Je pro­poserais donc à notre réu­nion de com­pos­er et pub­li­er un appel de ce genre aux hommes de tous les peu­ples, surtout à ceux des peu­ples chré­tiens. Dans cet appel nous exprime­ri­ons claire­ment et net­te­ment ce que tout le monde sait, mais que per­son­ne ou presque per­son­ne ne dit : à savoir que la guerre n’est pas, comme l’admet la majorité des hommes de notre temps, une œuvre bonne – et louable, mais que, comme tout meurtre, elle est une affaire abom­inable et crim­inelle, aus­si bien pour les hommes qui choi­sis­sent libre­ment la car­rière mil­i­taire que pour ceux qui l’embrassent par la crainte de puni­tion ou alléchés par le gain.

Pour les per­son­nes qui choi­sis­sent libre­ment l’activité mil­i­taire, je pro­poserais de dire claire­ment et net­te­ment dans cet appel que, mal­gré toute la solen­nité, l’éclat et l’approbation générale accordés à cette activ­ité, c’est une activ­ité crim­inelle et hon­teuse, et d’autant plus crim­inelle et hon­teuse que la sit­u­a­tion occupée dans la hiérar­chie mil­i­taire est plus élevée.

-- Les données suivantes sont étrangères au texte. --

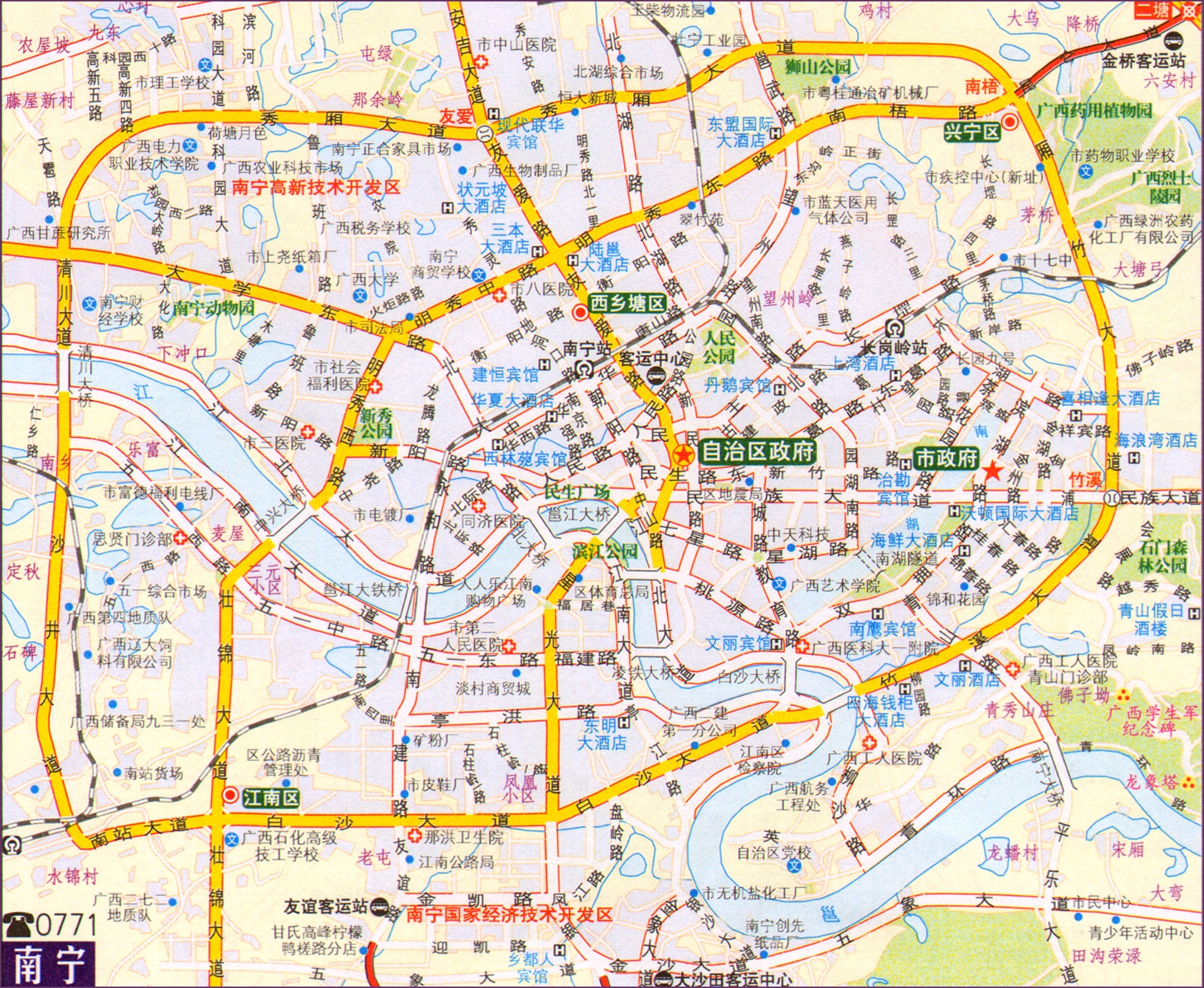 南宁市区地图(鼠标点击以上地图图片即可查看高清大地图)

De même, pour les hommes du peu­ple qui sont con­vo­qués au ser­vice mil­i­taire au moyen de men­aces de puni­tion ou par la séduc­tion, je pro­poserais de mon­tr­er claire­ment et net­te­ment la faute grossière qu’ils com­met­tent con­tre leur reli­gion, con­tre la moral­ité et con­tre le bon sens quand ils con­sen­tent à entr­er dans l’armée : con­tre la reli­gion parce qu’en par­tic­i­pant aux rangs des meur­tri­ers ils rompent la loi de Dieu qu’ils recon­nais­sent ; con­tre la moral­ité, par peur de puni­tions infligées par les autorités, ou bien par lucre, ils con­sen­tent à faire ce qu’au fond de leur âme ils trou­vent mau­vais ; con­tre le bon sens, parce qu’en entrant dans l’armée en cas de guerre ils courent le risque de tour­ments peut-être encore plus pénibles que ceux dont ils sont men­acés pour le refus de servir. Ils agis­sent surtout con­tre le bon sens puisqu’ils s’adjoignent à cette même classe d’hommes qui les privent de la lib­erté et les for­cent à devenir soldats.